町の本屋歴90年にして新しい本屋の形で注目
さて、推定7坪の本売り場は……。「今、ちょうど8月なので」と原田さんが指した棚に、水木しげる著「総員玉砕せよ!」、三上智恵著「証言 沖縄スパイ戦史」、酒井聡平著「硫黄島上陸」など戦争関連がずらり。その横の棚に面陳列されているのが、四國光著「反戦平和の詩画人四國五郎」、安田浩一著「地震と虐殺」。あっ、メイン棚には、三浦英之著「1945最後の秘密」が。「原田フィルターを通した問題提起」と声に出すと、「いえ。ただただ皆さんに読んでほしい本ですね」と、原田さん、にっこり。
片や、紙の雑貨が並ぶ棚では、海外アンティークの絵や写真のカード類が山のように。「仕入れ先は内緒(笑)。絵とかわいいシールとセットしたり。タロットの絵なら、謎解きの石や鍵をセットしたり。面白そうと、組み合わせを作り出して……」と原田さん。みるみる人気に。大阪の阪急百貨店から依頼され、この春は催事に出展したという。
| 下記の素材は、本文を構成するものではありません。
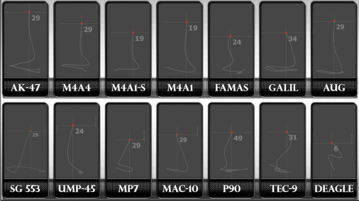 Recoil control Guide, Разброс на разном оружии CS:GO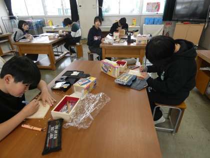 6年生 図工の授業 公開日 2024/01/24 更新日 2024/01/24 お知らせ 卒業制作のオルゴール箱の制作をしています。自分の名前をデザインして扉の材料を削ります。オルゴールの曲は、校歌や好きな歌を選びます。いつまでも大切なものを入れておけるような素敵な作品になるとよいですね。
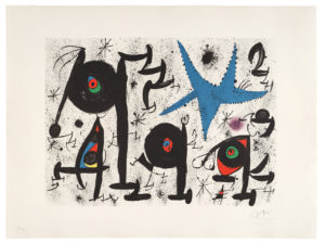 A New York, nel corso degli anni Quaranta, Miró continuò ad esplorare le tecniche calcografiche, ma sarà il mercante d’arte Aimé Maeght, dell’omonima galleria parigina, fondatore dell’Imprimerie ARTE (Arts et Techniques graphiques) e della rivista “Cahiers du miroir”, a farlo appassionare sempre di più al mondo della litografia, pubblicandone numerose incisioni singole, album e portfolio, ma anche manifesti, inviti, copertine di libri e persino cartoline postali.

すごい!
新しい本屋さんの形、ここにあり、である。
◆杉並区西荻南2-24-15藤和シティホームズ西荻窪駅前1階/℡03・3333・4961/JR中央線・総武線西荻窪駅から徒歩2分/平日正午~午後6時、土日祝日午後2~6時、無休
ウチらしい本
「夜の木」シャーム、バーイー、ウルヴェーティ著 青木恵都訳
南インドのターラー・ブックスから2006年に出版された本の日本語訳。「中央インド出身のゴンド民族の昔話や神話を元に、ゴンド人アーティストが絵を描き、手すき紙にシルクスクリーンで印刷。手製本で仕上げられています。世界中で翻訳出版され、日本語版の初刷は2012年で、これは13刷。版ごとに色が変えられているので、新版が出るたびに買って、コレクションしている人もいます」
(タムラ堂 4400円)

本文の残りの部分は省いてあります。